If someone can explain...
I've started to think about this summer and all after. Actually, I've moved beyond thinking about it to being practical about it. I'm moving by the end of the summer. At least moving out of my parents' house. My philosophy towards moving is that it's better to move some place where I already have relationships. Not because I have a problem with making new friends but because now I am too popular and don't feel like adding anymore Mike's or Jessica's to my phone book (I have at least 6 Mike's already). Really, though, I think our relationships are pretty much the most important thing in our lives and maybe we should stop making career driven moves and instead make friend driven moves. Don't get me wrong - I plan to uproot and spend several years pingponging across the country and maybe the world. I just feel that people are a more important factor than typically given credit as being. With that philosophy, there are now only two real places for me to be next year, here in Jersey or back in Michigan.
Michigan is cold.
I'm not ruling a return out of the picture, but as it happens, I have two job leads here in New Jersey. And one of my defining qualities is that I hate job searching. Really, I've been thinking about a list of things I hate, and I had about three, and now I have four. Well, actually, I can only remember two of the original three, so I guess I'm... still at three.

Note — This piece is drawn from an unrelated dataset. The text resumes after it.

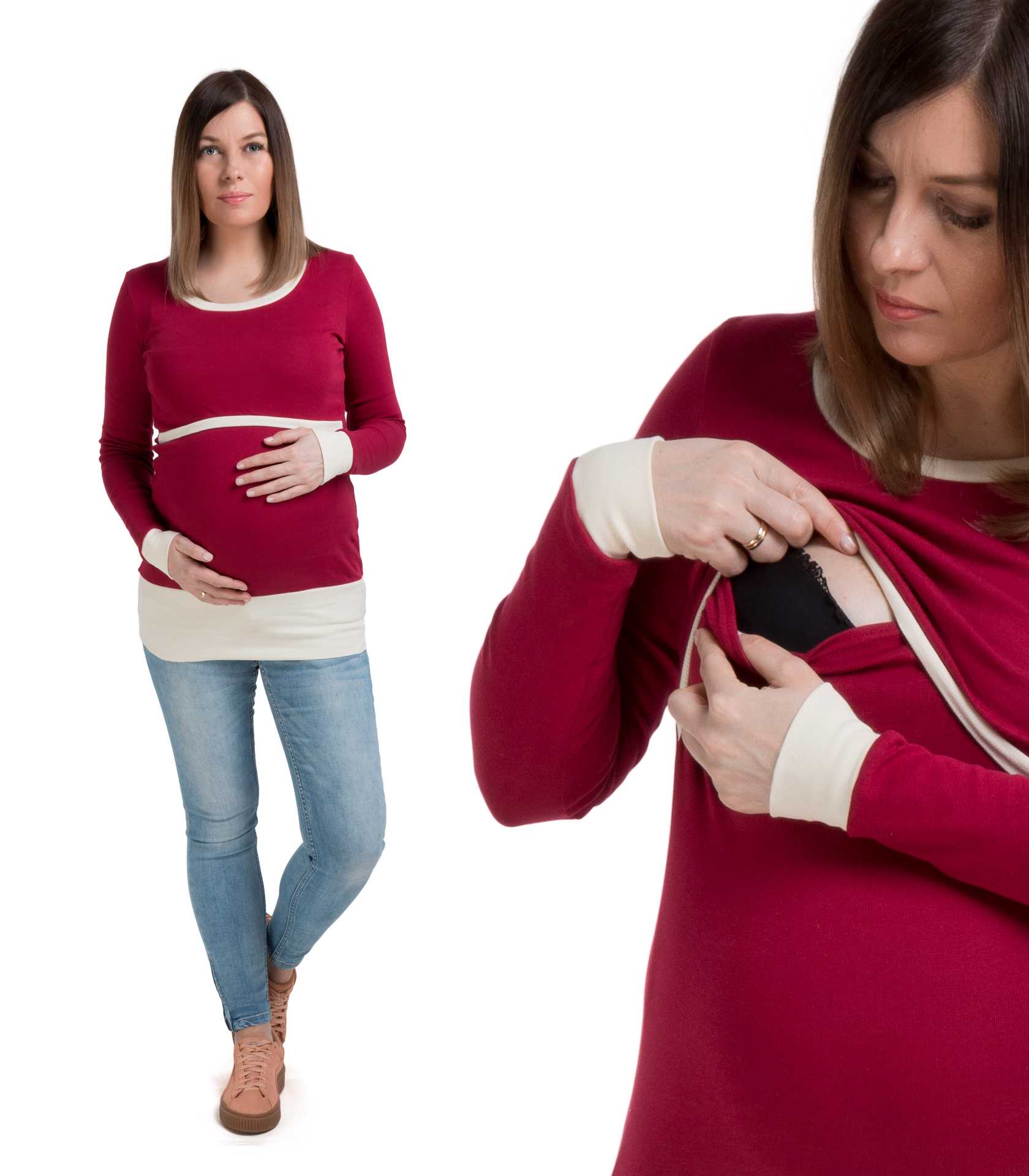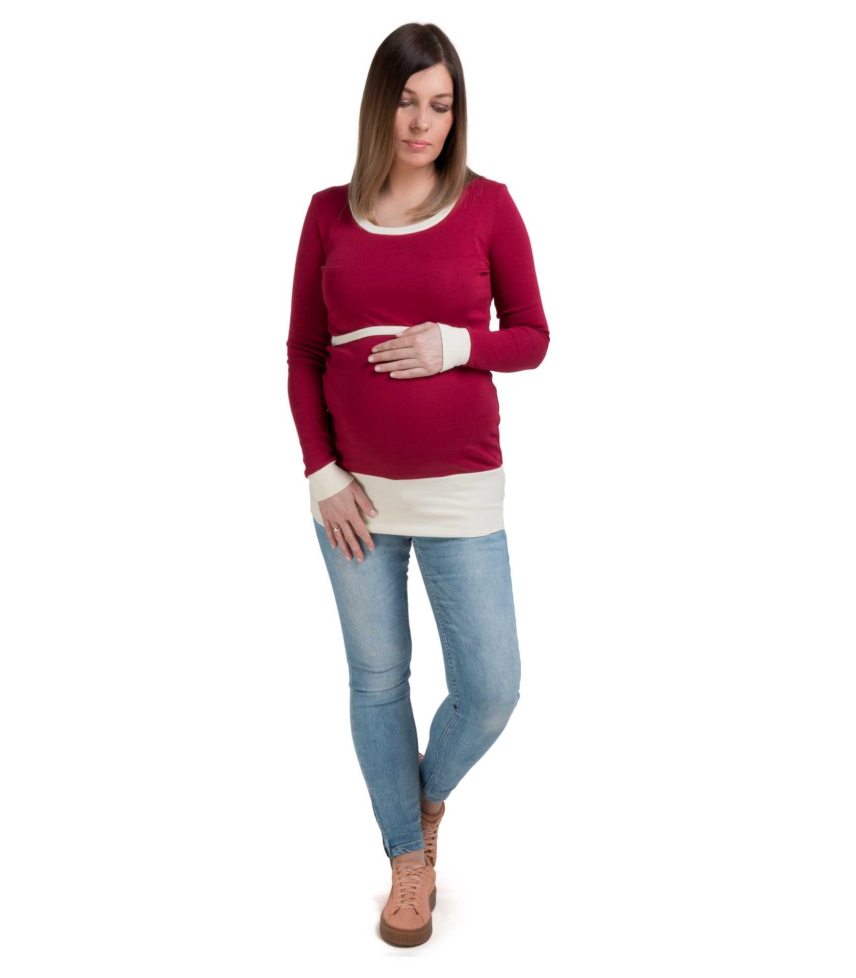 Dwukolorowa tunika dla przyszłej mamy. Długi rękaw sprawdzi się idealnie w chłodniejsze dni. Wykonana z rozciągającego się materiału, który zapewni maksimum komfortu przyszłej mamie. Uszyta jest ze świetnej jakości, polskich dzianin. Materiał nie wypycha się, nie przeciera i nie mechaci. Dzianina jest niezwykle przyjemna. Posiada prosty system, który sprawdzi się w okresie karmienia.

I put my resume in with one of these jobs tonight. I should have the other one in by the end of the week. It's weird, because it's only January, and the plan is not to be unemployed again until classes end in June (teacher aide jobs are not guaranteed year to year, though I believe it's the sort of hierarchy where seniority is a bonus). If I have to make a decision now, there are still a lot of months left until that decision will be implemented. And if I make a decision to pursue a certain job now, what about the opportunities that will open themselves up in between?
Still, it's nice to already have leads. And both leads are jobs I'd be interested in. And it would be nice if I had to do no more than follow these two through to June.
Also, job searching takes time away from the last two seasons of Alias. I can't imagine what sort of withdrawal I'm going to go through when I finish.